Why Play (with) Structure
More than a Blockbuster Template
If you haven’t taken my Magical Dialogue class, I’ve rescheduled it for Saturday 9/6 2-5pm ET via Zoom (because this weekend there will be mass mobilizations!) Magical Dialogue offers a deep dive into how to use dialogue to create forward momentum. Especially if you never worked as an actor, or if you have a literary background instead of a theatre background, this class helps people understand the feeling of rising action and how to make that happen on the page. This weekend, rising action will happen in the streets!
I did an interview with Brigid Amos this week for The Theater Project (coming soon) and it got me thinking about structure for playwrights again. I don’t want to go into what I said for the podcast, but I have more to add.
I offer a 10 week course called Structure is Not a Dirty Word (starting September 20th!) to help writers change their relationship with and to structure. (I wrote a bit about the course here.) So you might be wondering why structure is so important, or why so few people teach it, or, I should clarify, why no one teaches it the way I do.

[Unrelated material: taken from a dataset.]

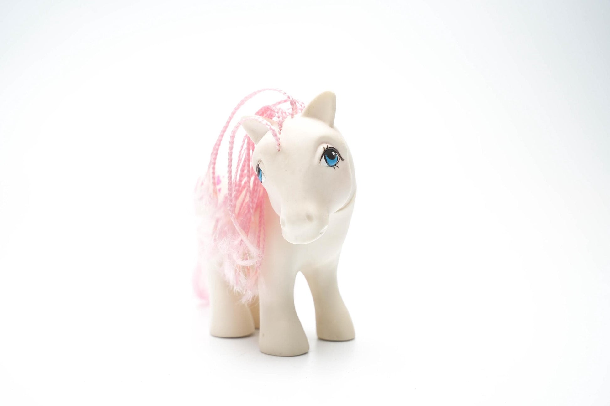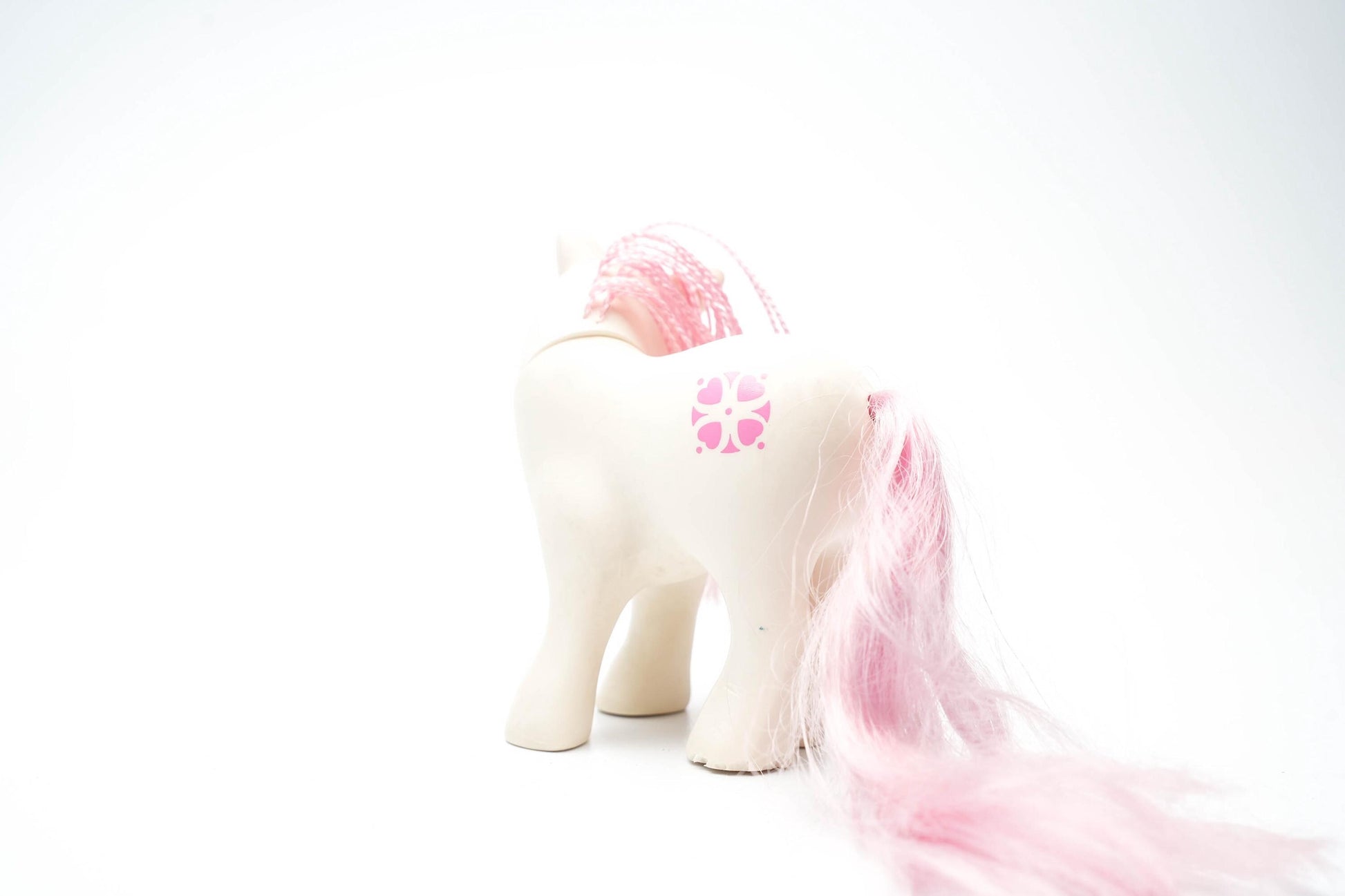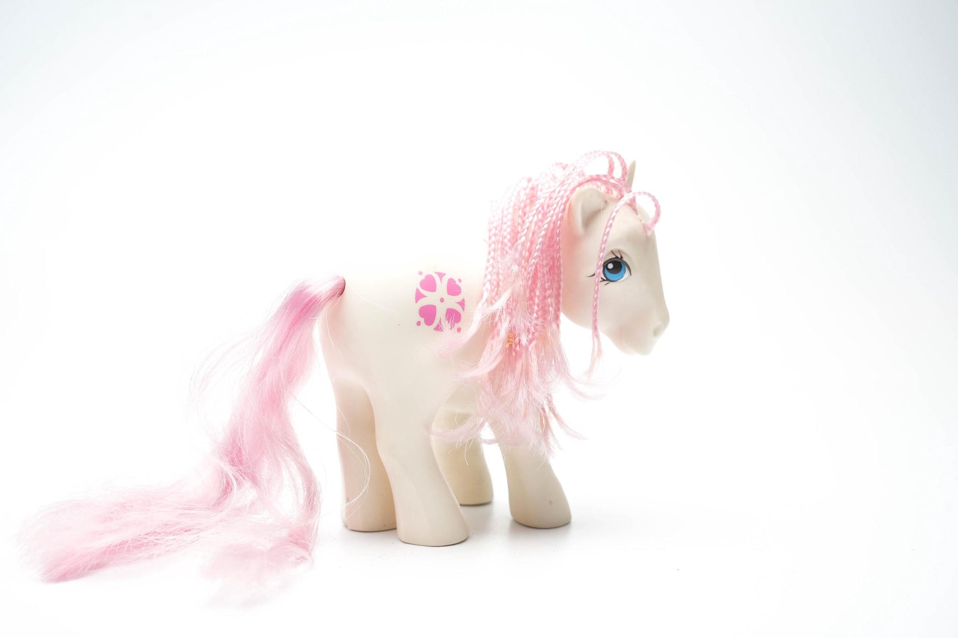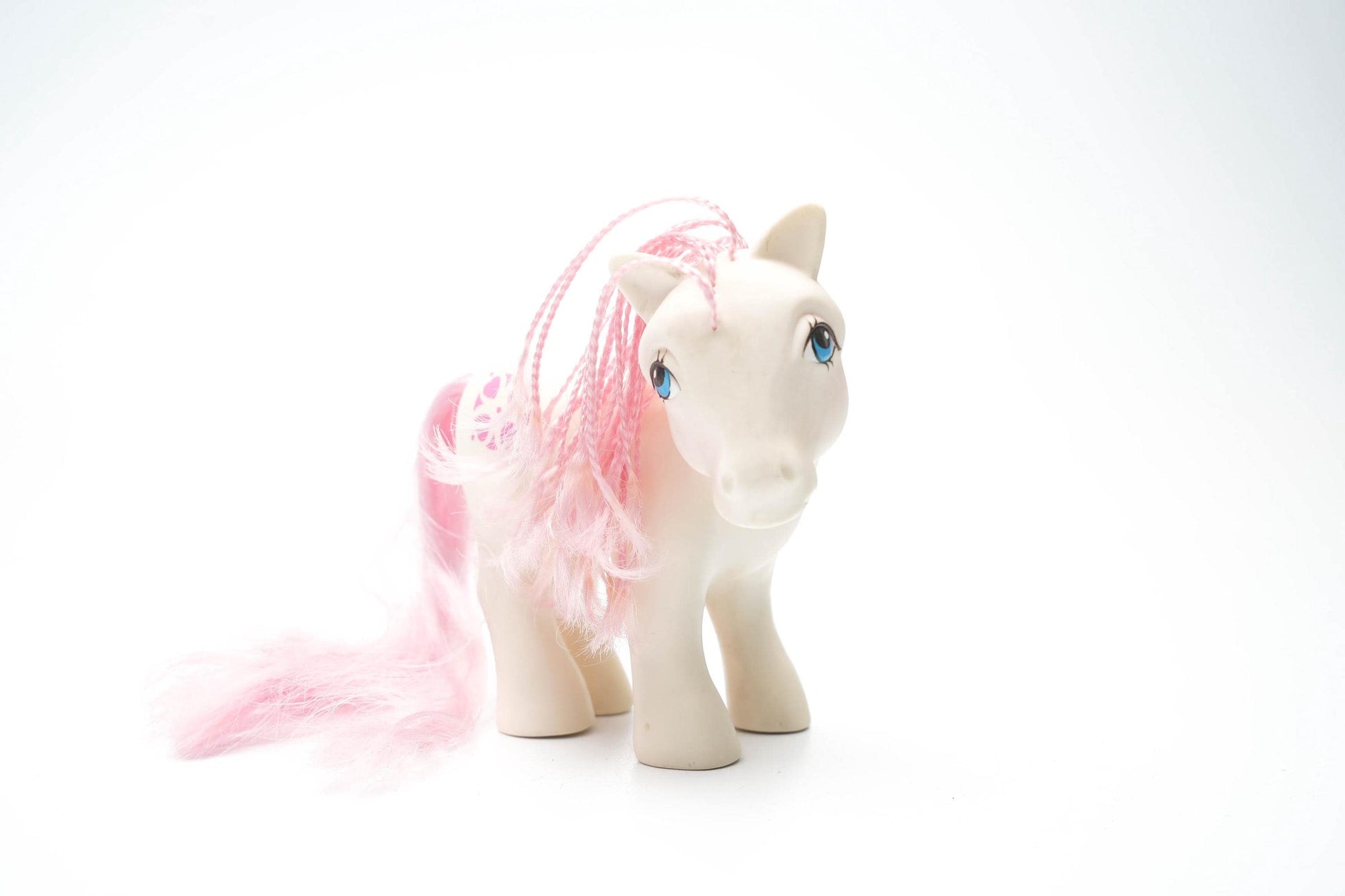 Breng een stukje jaren '80 magie in huis met de originele My Little Pony G1 Sundance! Deze vintage pony, uitgebracht door Hasbro in 1983, is een iconisch verzamelobject dat zowel nostalgie als charme uitstraalt. Met haar crèmekleurige lijfje, pastelroze manen en hartvormige bloemenpatroon is Sundance een must-have voor elke ponyliefhebber en verzamelaar.

Most people think of Structure as a rigid set of rules that one must impose on their story. This is not my approach to Structure. Yes, if you want to write a Hollywood Blockbuster, there is a formula to follow. I studied with Robert McKee, Syd Field, and Bill Kelly years back. They taught a form of linear structure with notes like, “you have to have an inciting incident by the end of p. 10!” and, “if the climax doesn’t hit p. 75, fuggedaboutit!” I don’t teach that. (Get a screenplay book for that.)
I’m glad I spent the time to learn that, and I loved getting to hang out with McKee after class. He gave a super party at the Plaza in his suite with a balcony facing Central Park. I was proud to hold my own with Bill Kelly in a bar for a week in Aspen where I got to pitch ideas as the only female-born person at the table. But I decided that boilerplate structural norms were not for me.
While I have nothing against anyone else using that structure, (and I used it in my MFA thesis play you can read here) I can teach it. The first few weeks of the course we go over Aristotle and those skills which are super-useful. But I teach something bigger than that, something more inclusive. Because not every story fits that structure or shines from being coerced into that structure.
There are so many other structures that deserve attention including Shakespeare’s Episodic structure, Brecht’s Epic structure, Beckett’s Circularity, Williams’ Spiral, Suzan-Lori Parks’ Rep and Rev, and more. The class looks at those too. (No reading required except for a few simple handouts.)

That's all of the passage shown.